Records for this exercise
------

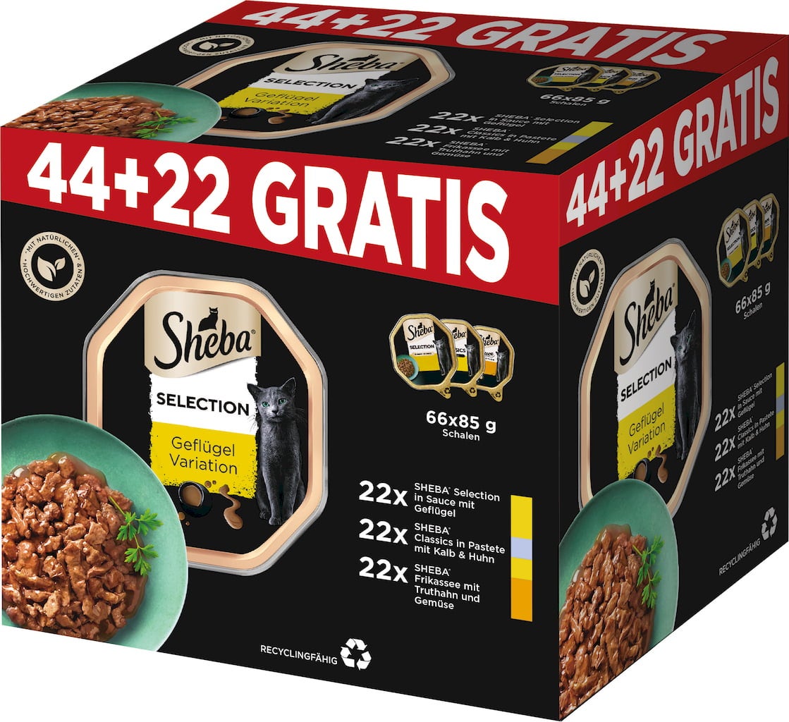 Sheba Pluspack 44 Barquettes + 22 Offertes (3 Variétés), 5,61 kg
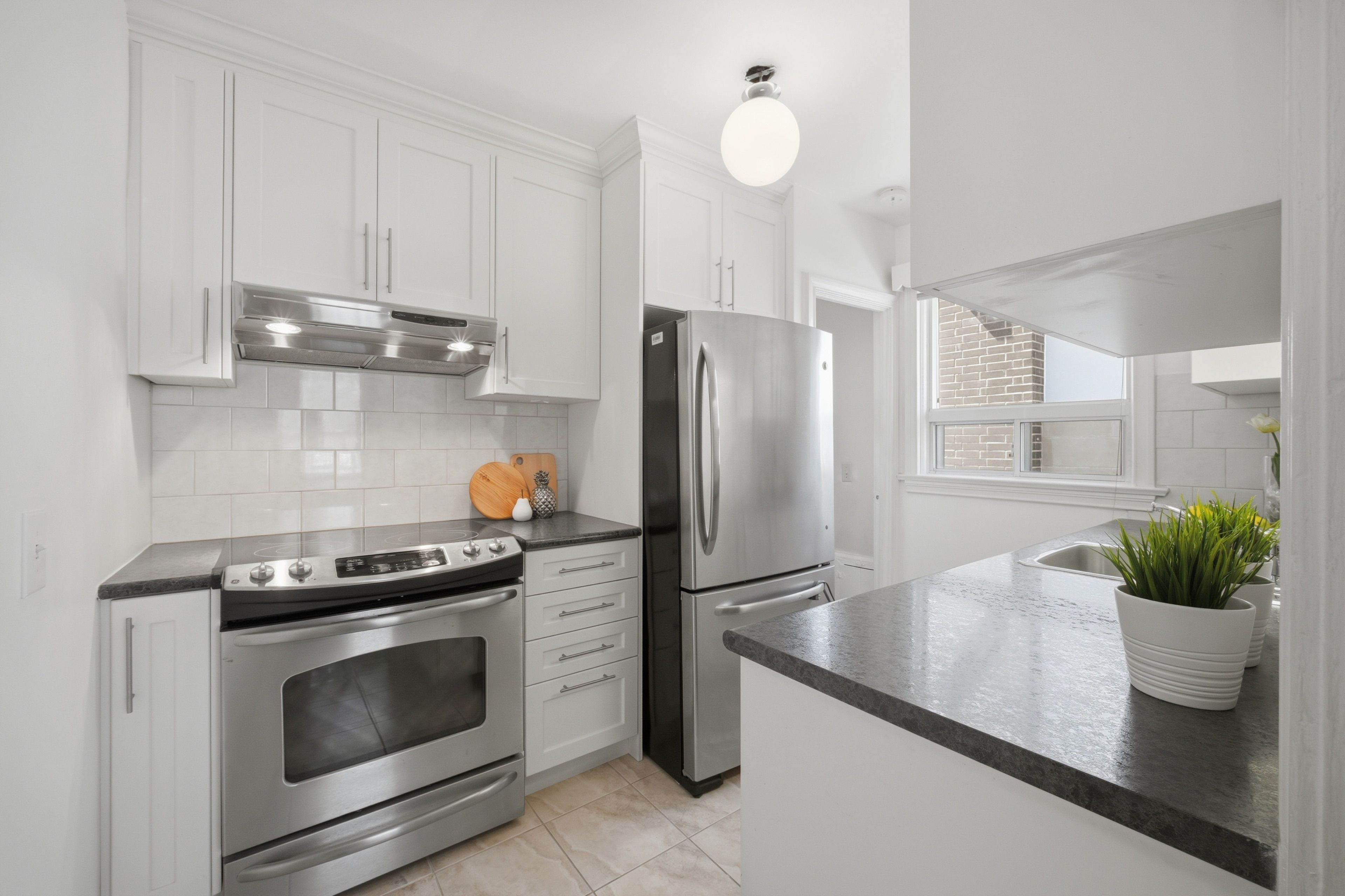 • Updated kitchen with stainless steel appliances for modern convenience.
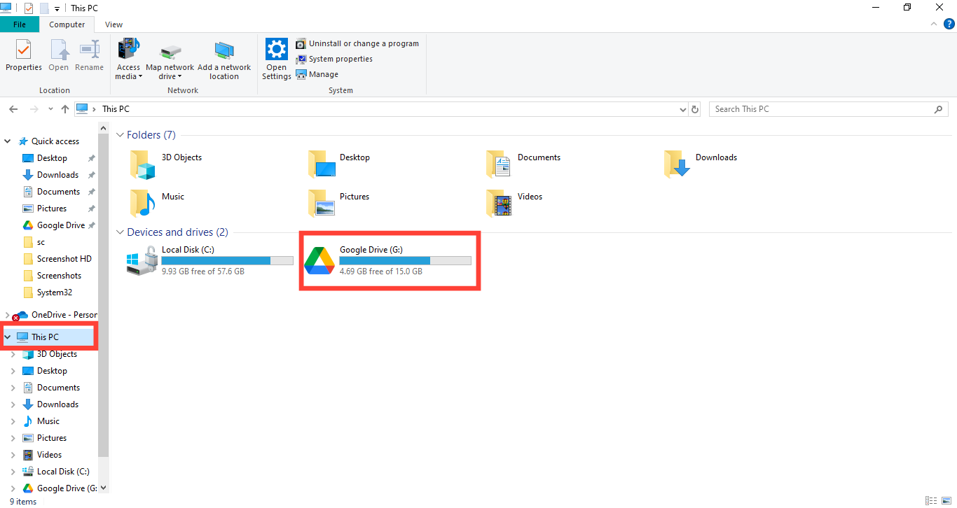 Step 2. Tap on "This PC" and click on "Google Drive" beside your local disk to access your files.
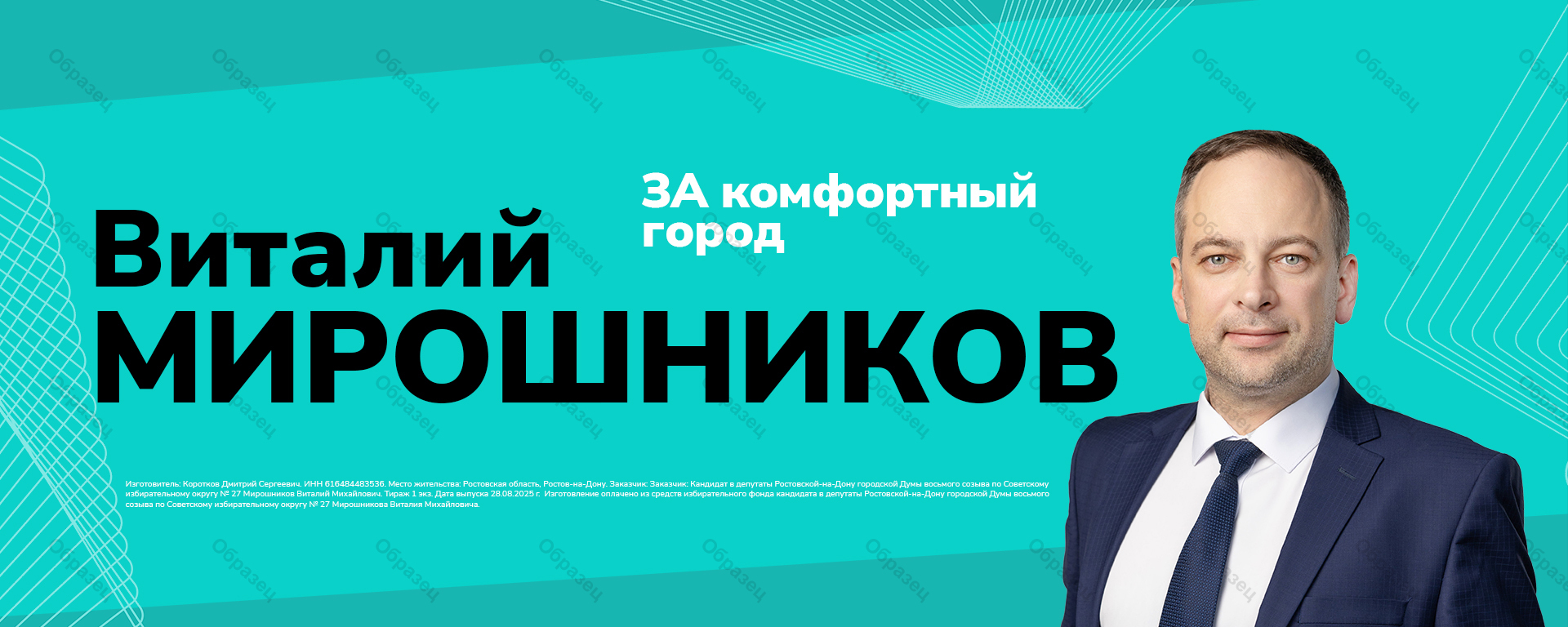 Оплачено из средств избирательного фонда кандидата в депутаты Ростовской-на-Дону городской Думы восьмого созыва по Советскому одномандатному избирательному округу № 27 Мирошникова Виталия Михайловича
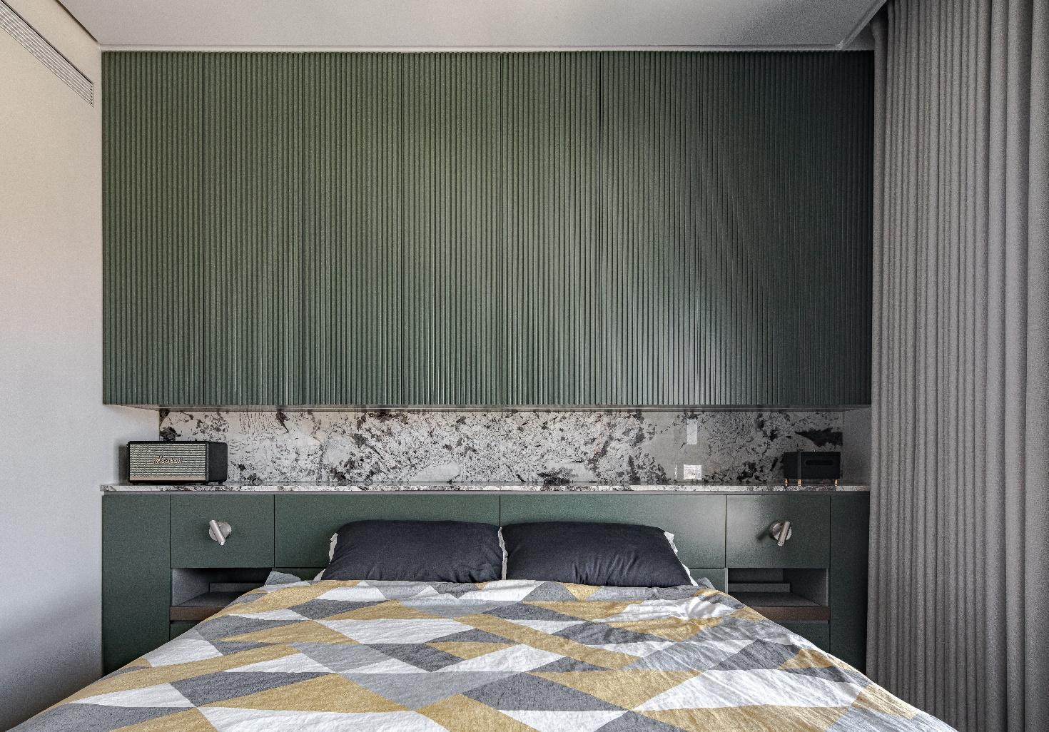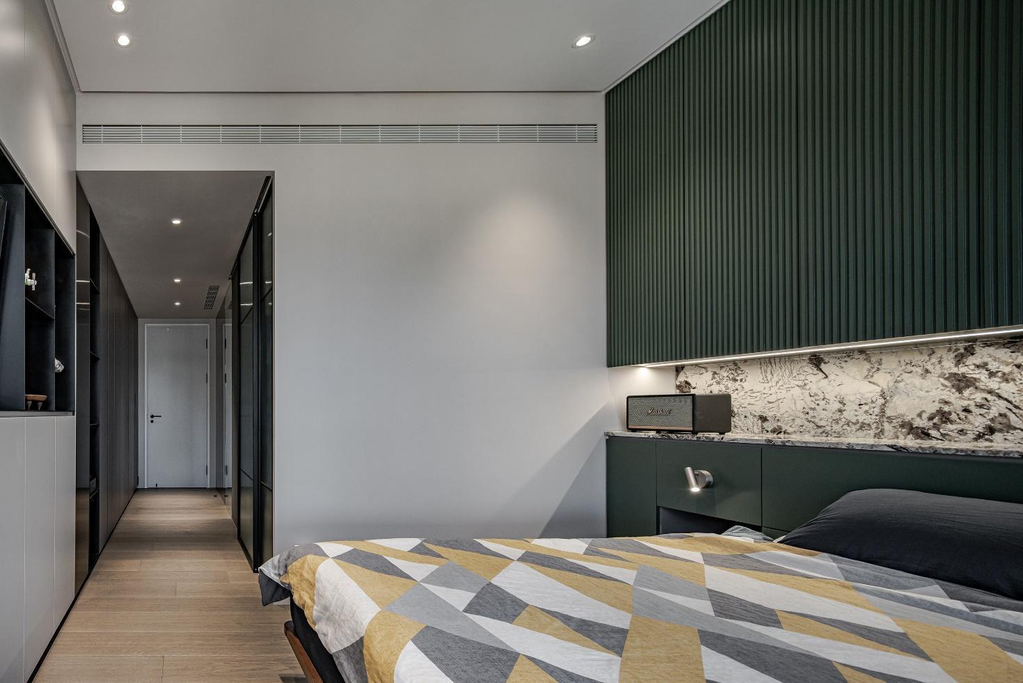 睡眠区床头设计了上下柜,以高雅的绿色搭配石材台面,床头两侧还设计了床头抽屉,地面则使用大尺寸手刮纹木地板,舒适且大器。
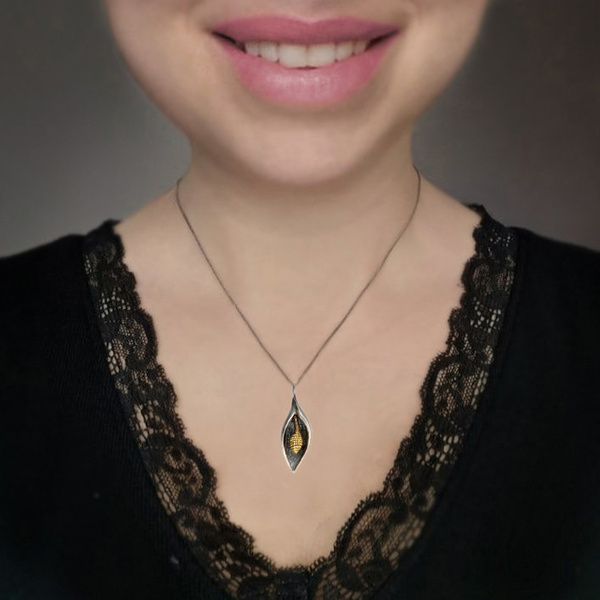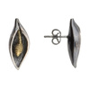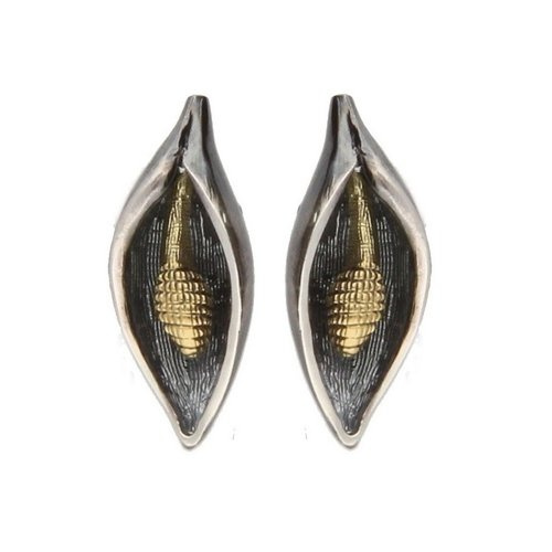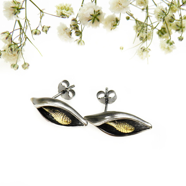 Przepiękne kolczyki - sztyfty w kształcie kwiatów, wykonane ze srebra próby 925, ręcznie wykończone oksydą i wypolerowane, ozdobione efektownym złoconym, mosiężnym pręcikiem.

------

Exercise requirements
Restate the material above exactly. Exclude all pictures.

Solution to the problem
 Sheba Pluspack 44 Barquettes + 22 Offertes (3 Variétés), 5,61 kg
 • Updated kitchen with stainless steel appliances for modern convenience.
 Step 2. Tap on "This PC" and click on "Google Drive" beside your local disk to access your files.
 Оплачено из средств избирательного фонда кандидата в депутаты Ростовской-на-Дону городской Думы восьмого созыва по Советскому одномандатному избирательному округу № 27 Мирошникова Виталия Михайловича
 睡眠区床头设计了上下柜,以高雅的绿色搭配石材台面,床头两侧还设计了床头抽屉,地面则使用大尺寸手刮纹木地板,舒适且大器。
 Przepiękne kolczyki - sztyfty w kształcie kwiatów, wykonane ze srebra próby 925, ręcznie wykończone oksydą i wypolerowane, ozdobione efektownym złoconym, mosiężnym pręcikiem.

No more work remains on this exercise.